Problem to solve: Only the lines from the one containing "Esta toalla personalizada" to the end of the records belong in the copy. Reproduce them word for word and drop the pictures.
——————————
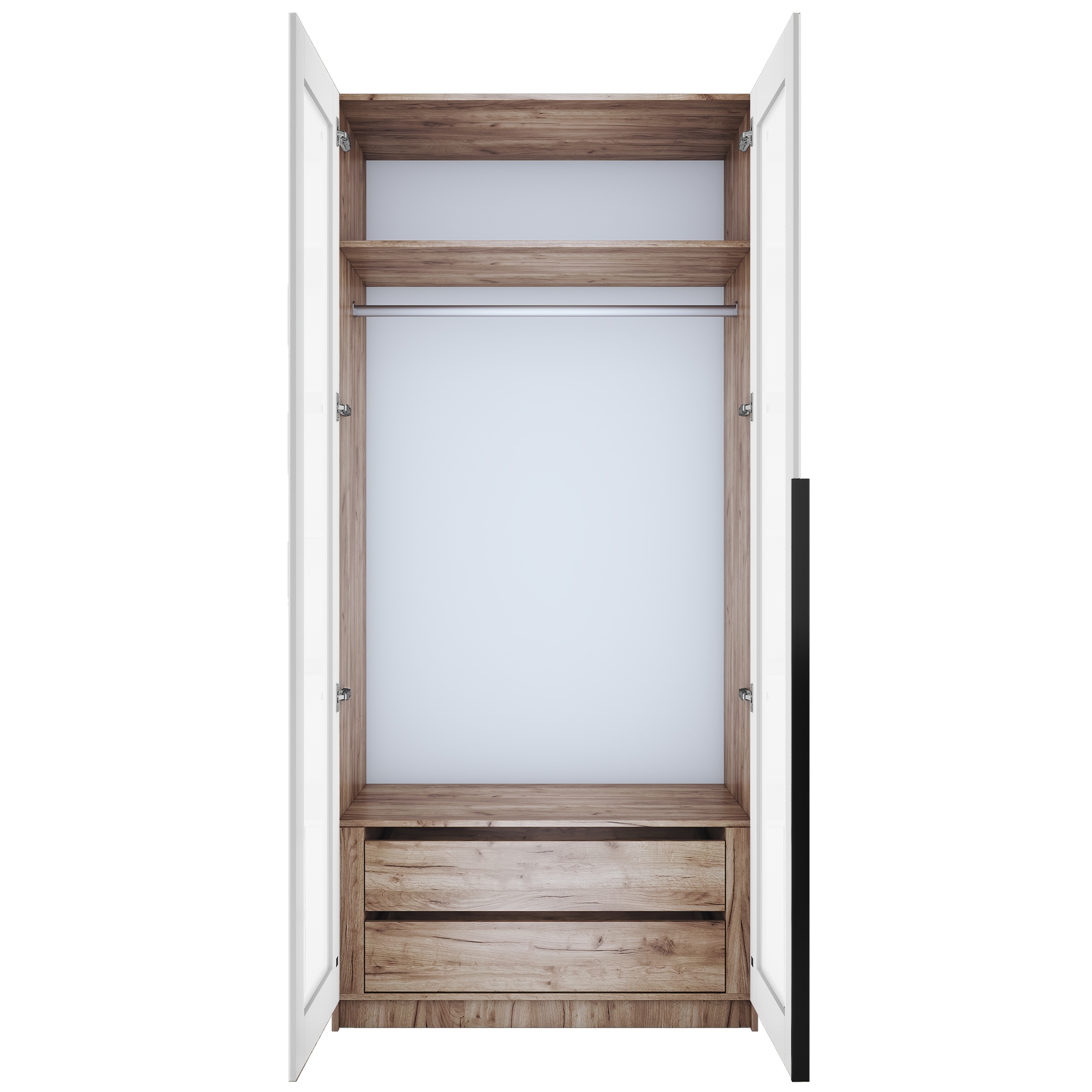 Шкаф распашной Е1 Локер 101x52.5x220 см, с белым стеклом и модулем (Дуб/крафт/табак)
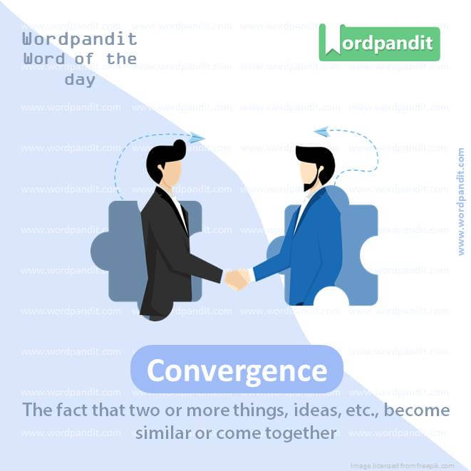Meaning: The fact that two or more things, ideas, etc., become similar or come together.
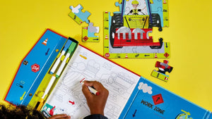 - Each one opens up to reveal a 20 piece puzzle, 4 colour dry wipe pens with erasers, pop out play pieces, a doodle and colour in section and its all magnetic too so no chance of losing any pieces whilst youre out and about!
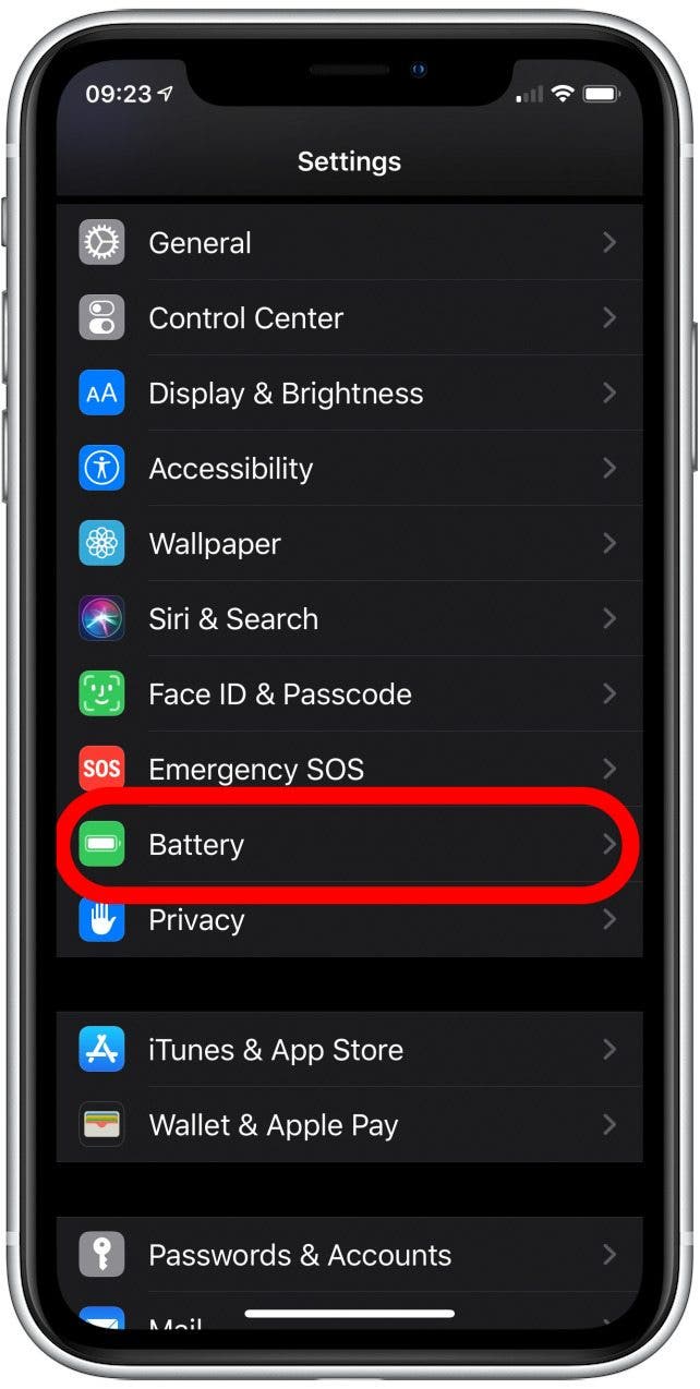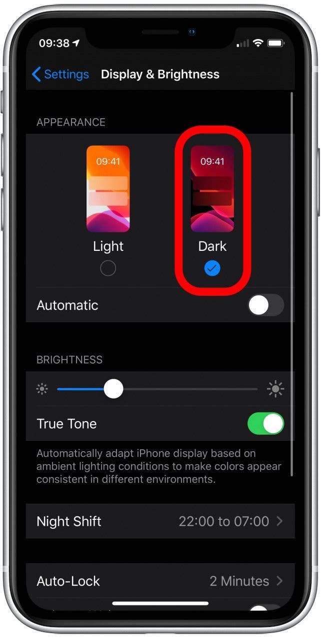 在 iPhone X 或 11 上,您可以使用深色模式为了节省电池,因为这些特定型号的 iPhone 上的屏幕使用较少的电量来绘制较暗的颜色。
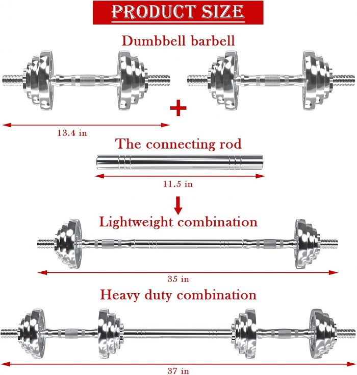 【More Stable】- This dumbbell is made of solid pure iron, and the surface adopts a 7-layer electroplating process, don’t worry about rusting. The connector handle is knurled for better grip and increased safety during exercises. Compatible with 1-inch spin-lock dumbbells.
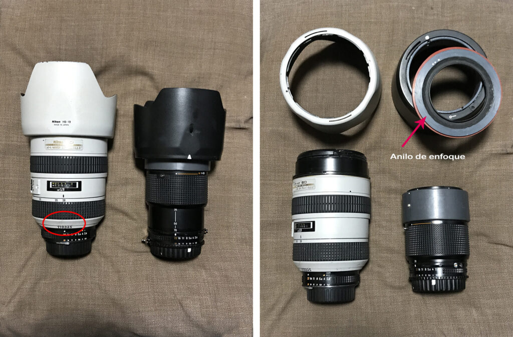 Ese número impreso dentro del círculo rojo corresponde a la fecha definitiva de la reparación. Aquí vemos los dos modelos mencionados, aunque en la derecha se ve el 35/70 recogido la diferencia de peso y volumen es importante. Anotar también que durante el tiempo que utilicé este 35/70 tuve que fabricarle un accesorio para poder instalarle un parasol para evitar entrada de luz lateral ya que como diré después este era su talón de Aquiles. Tengo que reconocer que junto con ese anillo que tiene el bordo rojo, fue una pequeña obra de ingeniería con la que podía enfocar en modo manual aún con el parasol puesto. Aclarar que este objetivo (35/70) no tiene ANILLO DE FOCO, es en el extremo delantero del objetivo donde se actúa para el foco, eso sí, muy preciso, ya que todo él está construido en aleación de aluminio, funciona muy suave y sin traba alguna.
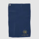 Esta toalla personalizada es sencilla, sofisticada y elegante. Presenta un fondo azul marino con un monograma dorado y tipografía de escritura para su personalización. Los colores se pueden personalizar a su elección
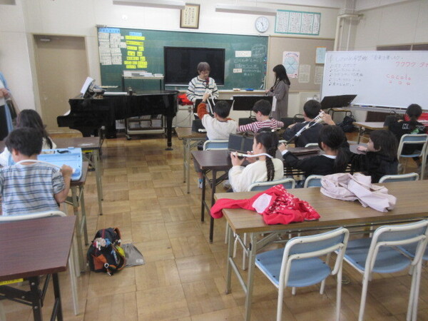 ・後半は、その講師の先生のご指導の下、子どもたちも一緒になって演奏をしていましたが、みんなニコニコと笑顔で心から音楽を楽しんでいる様子が伝わってきました。
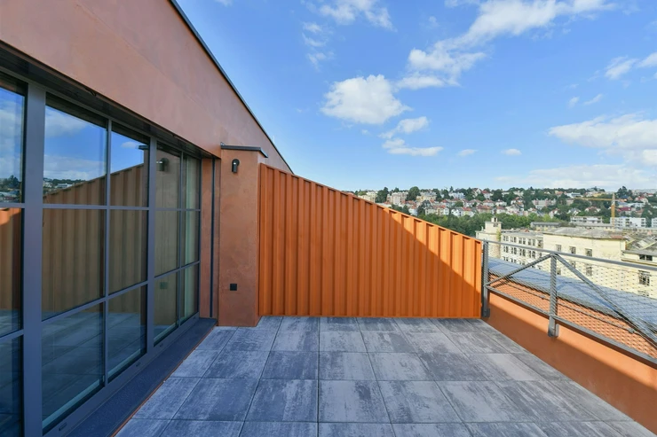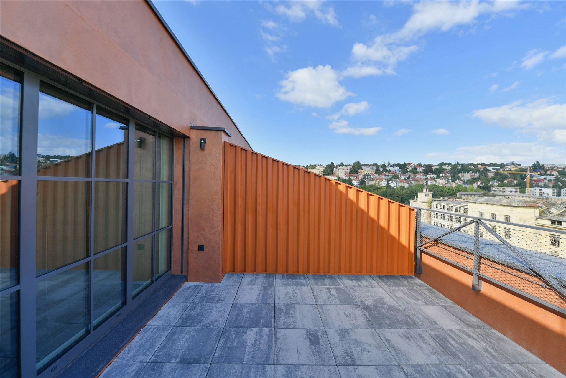 Velmi tichý byt 2+kk s terasou, balkonem, klimatizací, úžasnými výhledy a garážovým stáním. Jen 2 minuty na metro, 16 minut do centra.
——————————
Problem solution:
 Esta toalla personalizada es sencilla, sofisticada y elegante. Presenta un fondo azul marino con un monograma dorado y tipografía de escritura para su personalización. Los colores se pueden personalizar a su elección
 ・後半は、その講師の先生のご指導の下、子どもたちも一緒になって演奏をしていましたが、みんなニコニコと笑顔で心から音楽を楽しんでいる様子が伝わってきました。
 Velmi tichý byt 2+kk s terasou, balkonem, klimatizací, úžasnými výhledy a garážovým stáním. Jen 2 minuty na metro, 16 minut do centra.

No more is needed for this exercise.